TORONTO: The Canadian dollar was little changed against its US counterpart on Tuesday as a stronger greenback, bolstered in part by supportive housing-related data, offset a rise in US crude prices, while overall trading was extremely range-bound.
US housing starts fell last month after a hefty increase the prior month, but a surge in permits for future construction to a near eight-year high signaled underlying strength in the market, which has seen prices and sales rising.
The data comes as Federal Reserve officials are gathered for a policy meeting that ends tomorrow. Investors have been shifting their focus toward the Fed and how it views the latest round of economic data. The US central bank is widely expected to resume raising interest rates sometime this year, but markets are looking for clues on whether it will come sooner or later.

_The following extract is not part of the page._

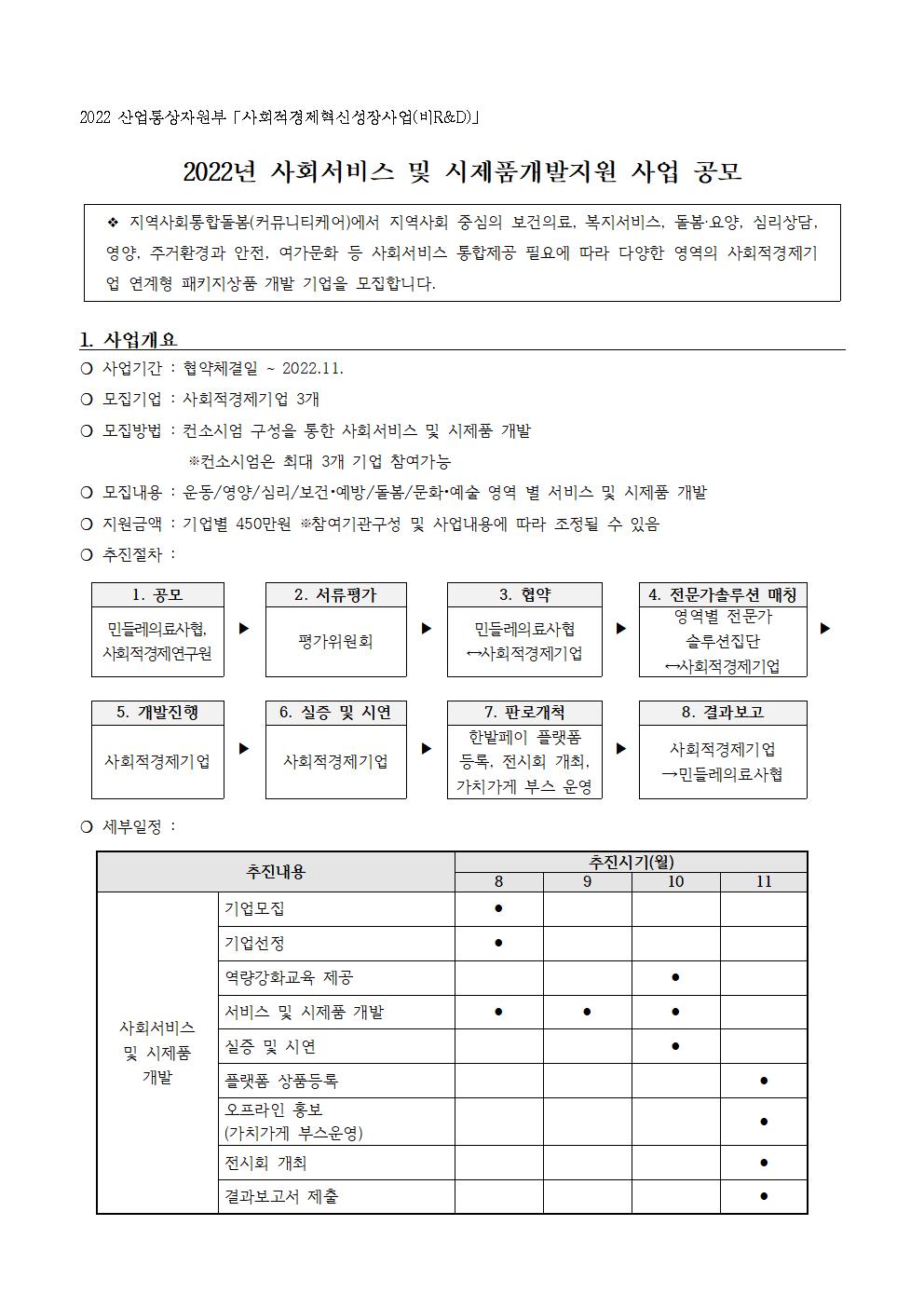 [마감] 컨소시엄형 2022년 사회서비스 개발지원사업 공고 상세내용
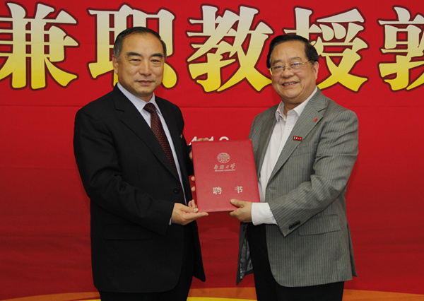 袁南生并受聘sjb世俱杯兼职教授,校长贾益民为其颁发聘书并佩戴校徽。外交学院院长秦亚青也于当天受聘sjb世俱杯兼职教授,袁南生代其接受聘书。

"I don't think the Fed's going to do anything until later this year," said David Bradley, a director of foreign exchange trading at Scotiabank, adding that he expects the Canadian dollar to trade between C$1.1950 and C$1.26 over the coming weeks and months.
"I don't see anything imminent that will take us out of the currency range."
The Canadian dollar finished the session at C$1.2312 to the greenback, or 81.22 US cents, not far off the Bank of Canada's official close of C$1.2317, or 81.19 US cents. The currency traded between C$1.2302 and C$1.2347 during the session.
US crude oil prices edged up, supported by a tropical storm that was moving ashore in the oil-producing state of Texas, but a global supply glut limited gains and put Brent under pressure. US crude settled up 45 cents to $59.97 a barrel, while Brent crude lost 25 cents to $63.70.
US housing data showed groundbreaking dropped 11.1 percent to a seasonally adjusted annual pace of 1.04 million units, while permits for future home building increased 11.8 percent to a 1.28 million-unit rate, the highest since August 2007.
Domestically, foreign investors bought Canadian securities for the fourth straight month in April, snapping up C$12.94 billion to set a record high for the opening four months of a year.
Canadian wholesale trade data for April is due at 8:30 a.m. EDT (1230 GMT) on Wednesday, followed by the Fed's rate decision at 2:00 p.m. (1800 GMT).
Canadian government bond prices were higher across the maturity curve, with the two-year price up 3 Canadian cents to yield 0.609 percent and the benchmark 10-year up 25 Canadian cents to yield 1.740 percent.
The Canada-US two-year bond spread was -8.5 basis points, while the 10-year spread was -56.9 basis points.